Characters don’t really interact much in this movie. For the most part we are listening to the narrator, with the other main voices being those of our main characters, which we hear while they write their letters to each other.

Barry Humphries (Dame Edna Everage, or Bruce the shark from Finding Nemo) beautifully narrates with both the emotion and tone needed to convey the joy and sadness of the story unfolding before us. This is a gentle film which slips smoothly between funny and serious, happy and sad, effortlessly.
We are introduced to two lonely individuals. Mary (voiced by Toni Collette, who’s best movie for me has to be Japanese Story) is 8 years old and lives in a small, quiet part of Australia. She longs to be liked, if not loved.
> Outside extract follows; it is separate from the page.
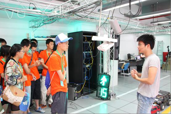 “虚拟仿真平台”、“无人车赛道监管平台”、“嵌入式视频监控平台”、“可信监控电子交易平台”、“脑认知研究平台”等重点实验室。营员们对重点实验室中展示的新技术十分好奇,并在讲解员的介绍下,对这些技术产生了浓厚的兴趣。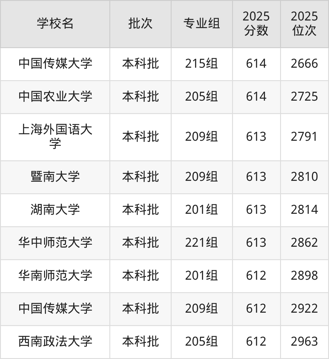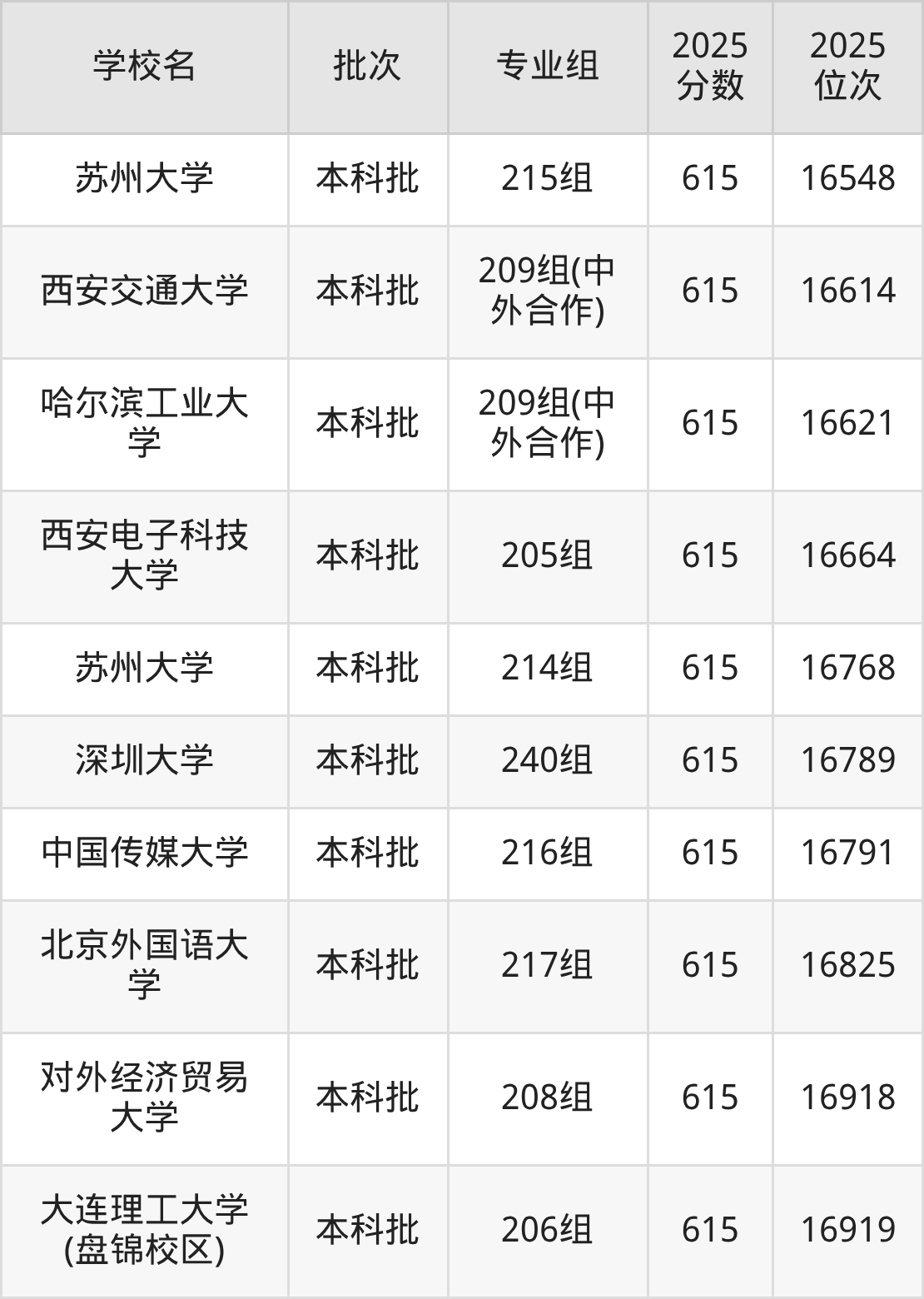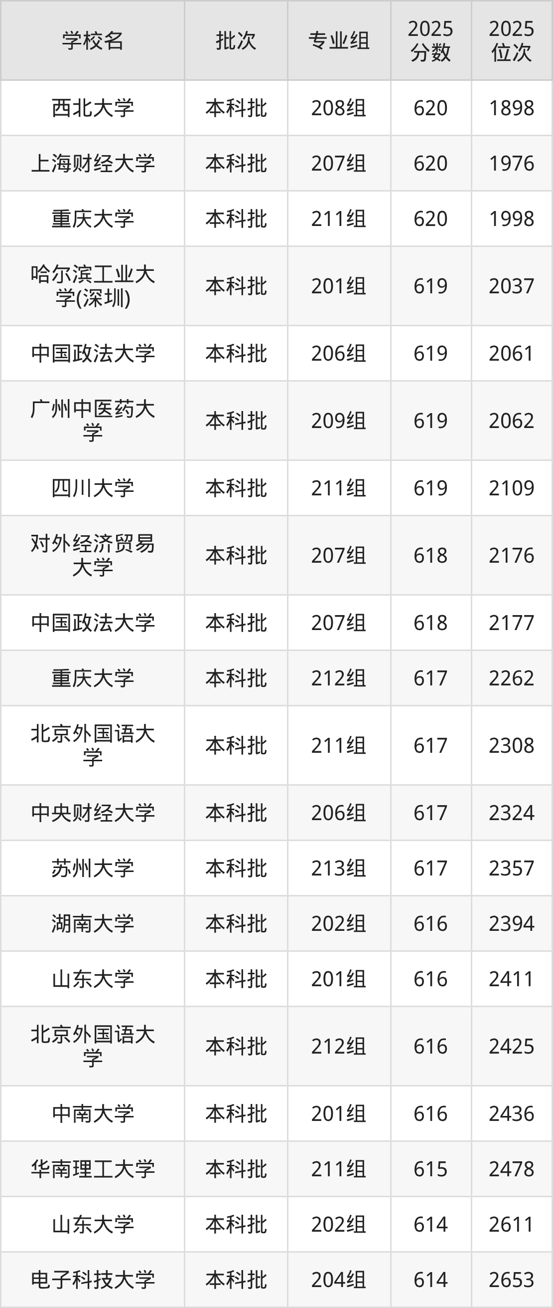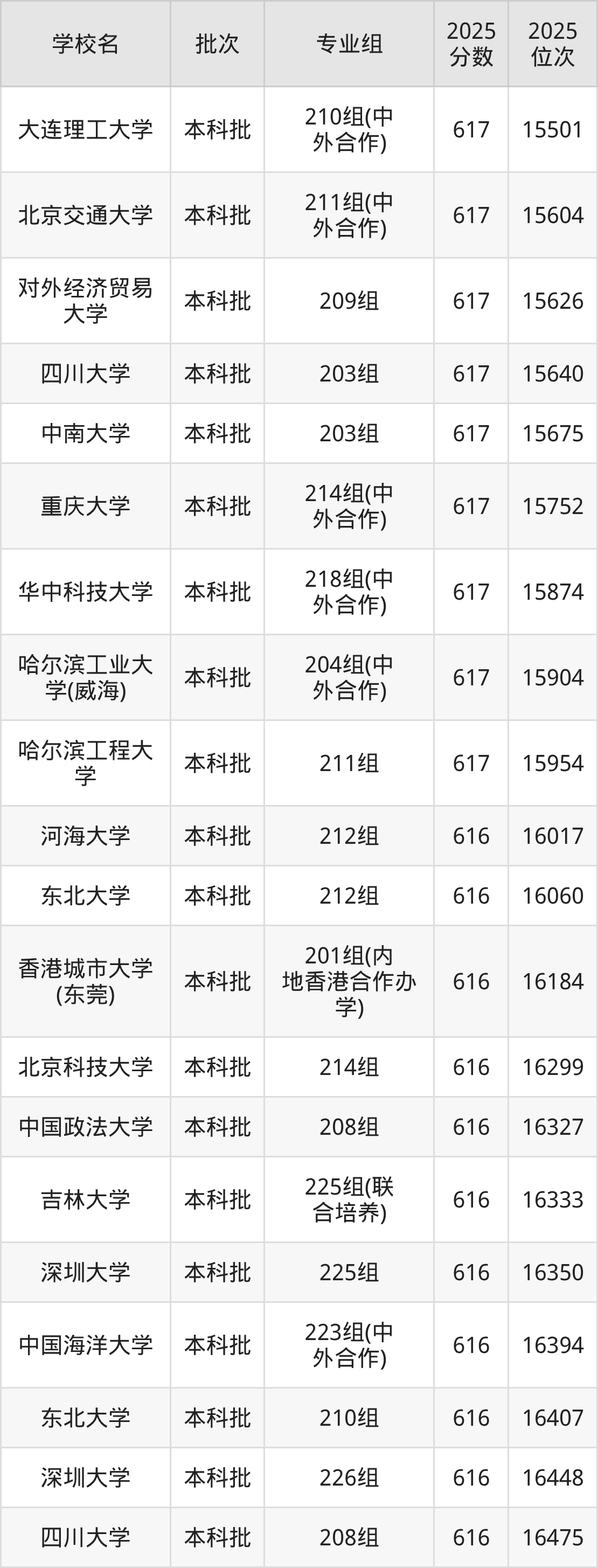 2025年广东高考历史类616分(2367名~2472名)能上的大学有北京外国语大学212组、山东大学201组、湖南大学202组、中南大学201组。

She lives with her alcoholic mother, her father, and her pet rooster. Max Horowitz (voiced by Philip Seymour Hoffman - Capote and Doubt) is an obese Jewish man in his 40s living a lonely existence in a New York highrise with his imaginary friend, Mr Ravioli, and Henry VIII, one of a long succession of goldfish. These two wonderfully realised characters exchange letters and gifts over many years, forming a friendship that, despite never having met each other, is deeper than anything either of them could have expected. It’s truly touching. Particularly in how it handles issues that are affecting both our central characters - love and death, mental illness and friendships.

Mary and Max live in a world which, to a greater or lesser extent, has let them both down, but through their friendship they discover a caring human being who feels how they feel. Someone to confide in and someone to share their joys and fears with.

Sadly - not everyone will “get” this movie, but if you want to spend 90 minutes experiencing a (and dare I say it again?) gentle movie that I guarantee will make you smile and sad in equal measures, then I heartily recommend you grab a copy of this little gem.